On Tue, 2009-04-14 at 18:54 +0200, mattias wrote:

> Hi, all.
>
>
> What would be the best way to pass data/GST_BUFFERS between various
> local machines that have separate parts of a complex pipeline?
>
> I guess with NetworkTimeprovider/GDP/TDP the synchronisation would be
> given for free and is a good alternative.
> Also rtppay/udpsink -> udpsrc/rtpdpay/gstrtpjitterbuffer could also
> maintain the timestamps between machines.
>
> Could the TCP example have latency issues?
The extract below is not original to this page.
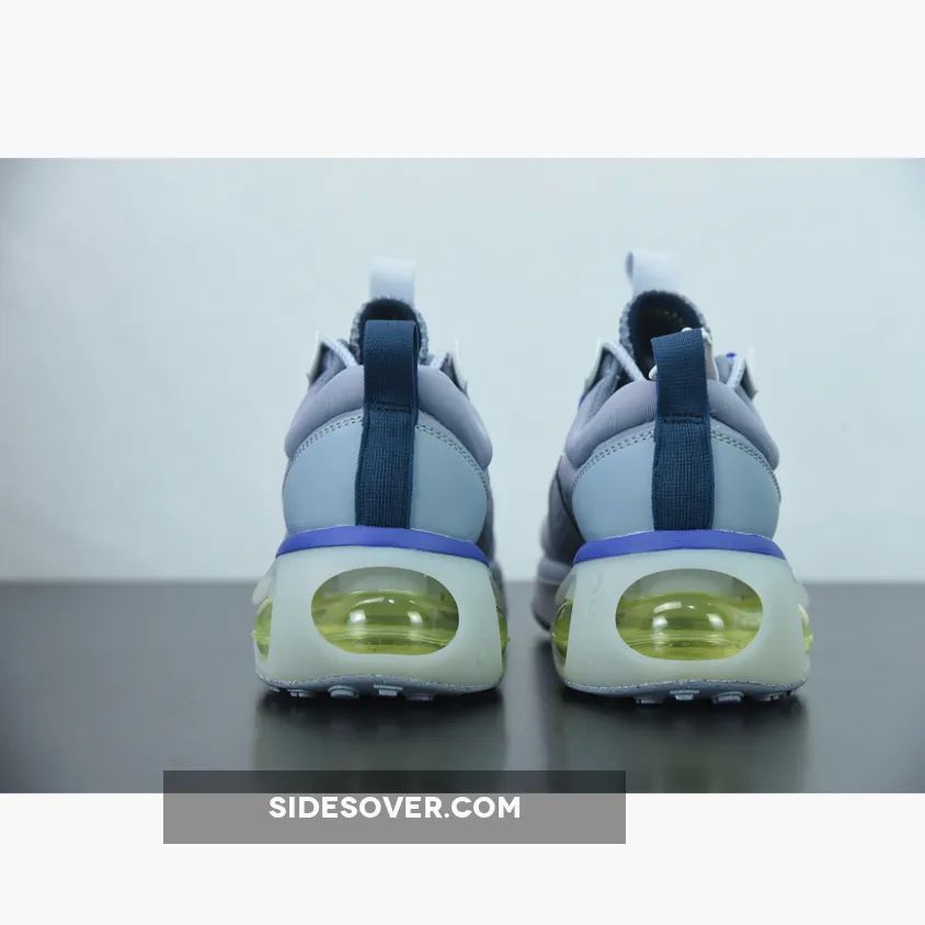 Meshes, dotted decals, and perforations continue the geometric theme across the model. While the lateral side sports a navy Swoosh decal, the medial side opts for matching blue branded overlays and mudguards that create a space-age appearance. Elements such as the padded collar and exaggerated lacestays are also a reflection of modern design trends in footwear. As for the sole unit, the pair sees a blue and white gradient overly stacked above an Air Max-cushioned midsole. The heel reveals a tall green Air unit that opts for a unique peapod shape to further amp up the futuristic factor of the upcoming offering.
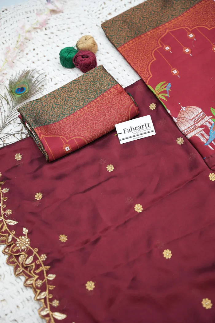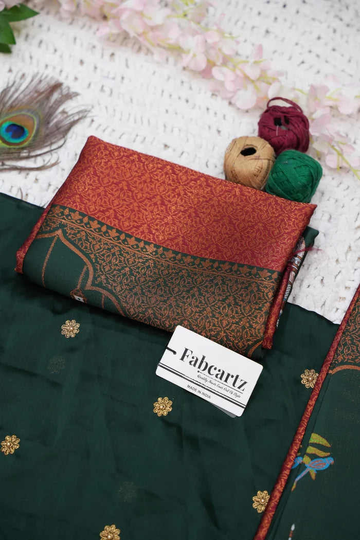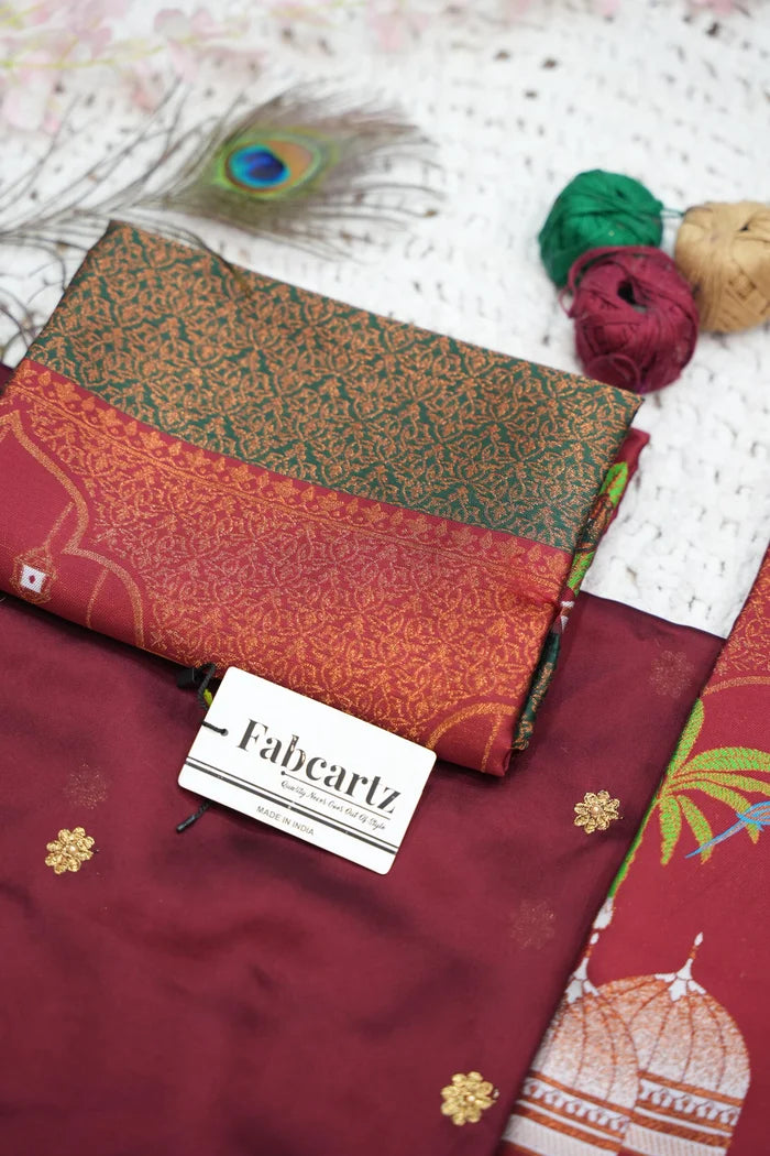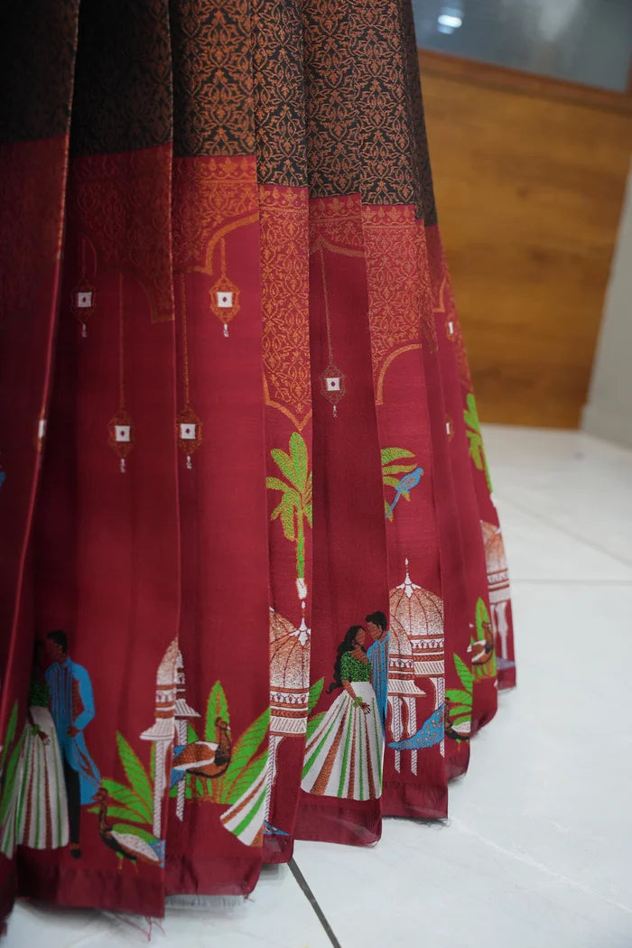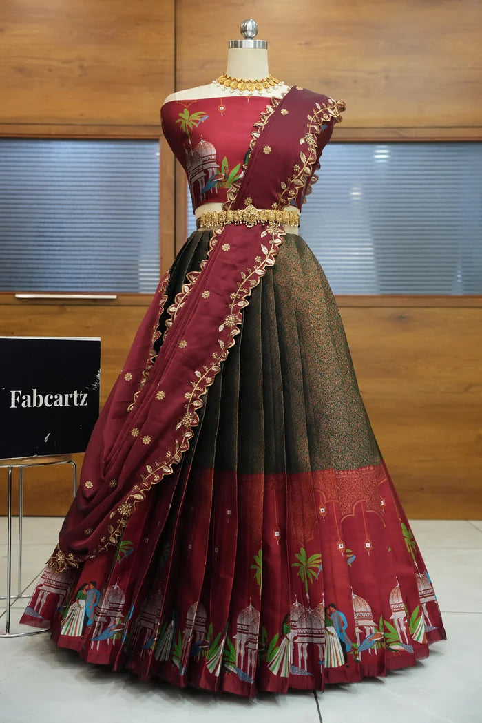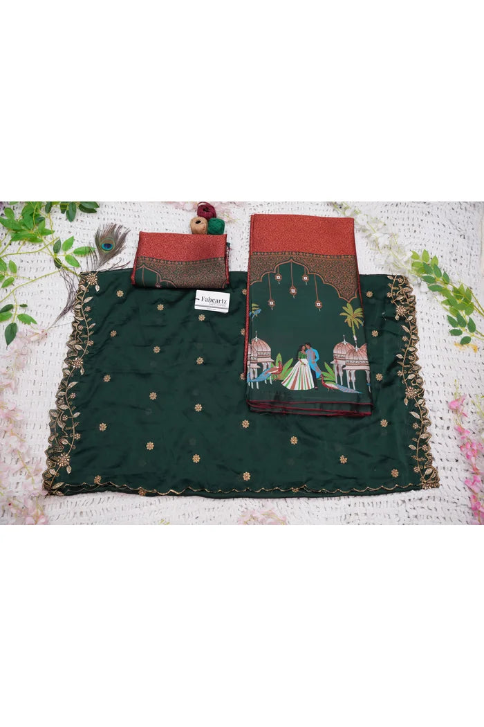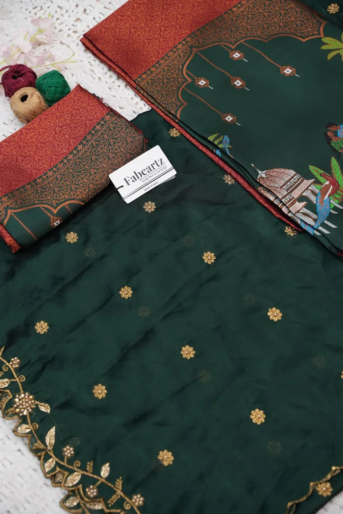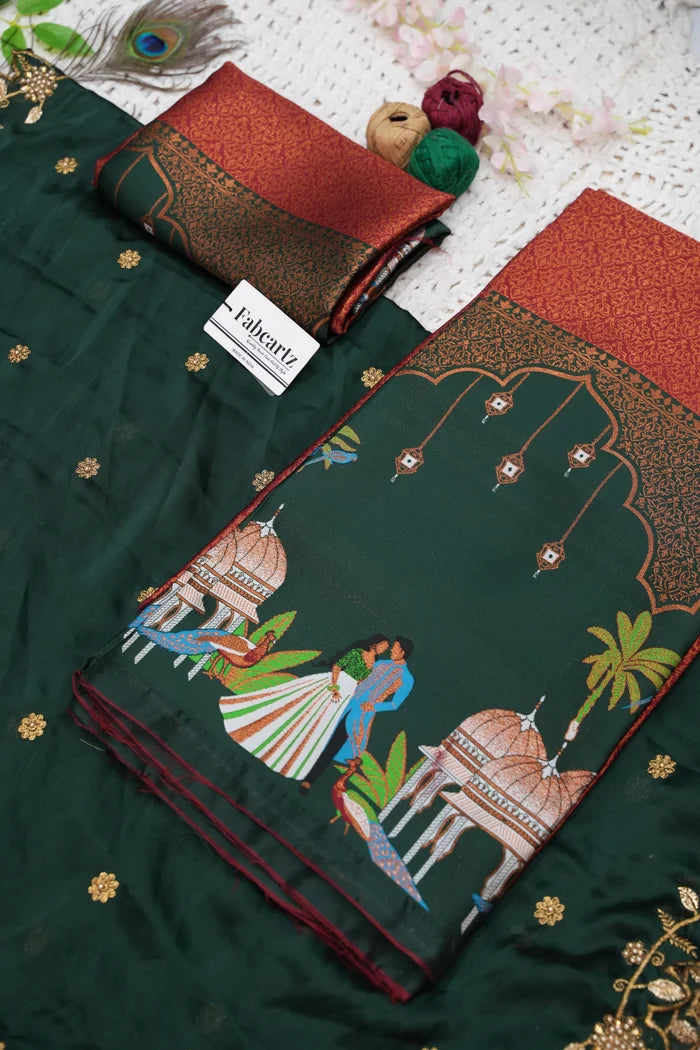 Crafted from Taffeta Satin (Litchi Silk) with intricate Zari work, offering a rich and elegant look.

We are talking about 10Gbit
> low latency networks here.

  There are two basic ways of splitting up pipelines accross machines:

  * Using GstNetTimeProvider on the master pipeline and
GstNetClientClock on the other pipelines to have the same clock rate,
and then the GDP payloading protocol over tcp for serializing buffers
and events. This is what's used by flumotion, and seems to scale pretty
well.
  * Using standard RTP/UDP.

  If you control the whole network and it's a local one, you might want
to consider the first option for several reasons:
  * tcp will not cause that much latency since you're controlling the
network.
  * gdp will allow *both* buffers and events to be serialized (as
opposed to rtp which only serializes buffers
  * you won't need a jitterbuffer since you will not have any packet
losses and you won't need to guess the remote clock rate (you're
distributing it with GstNetTimeProvider/GstNetClientClock. The
jitterbuffer *will* bring in some latency (which is needed for packet
drop detection and network jitter correction).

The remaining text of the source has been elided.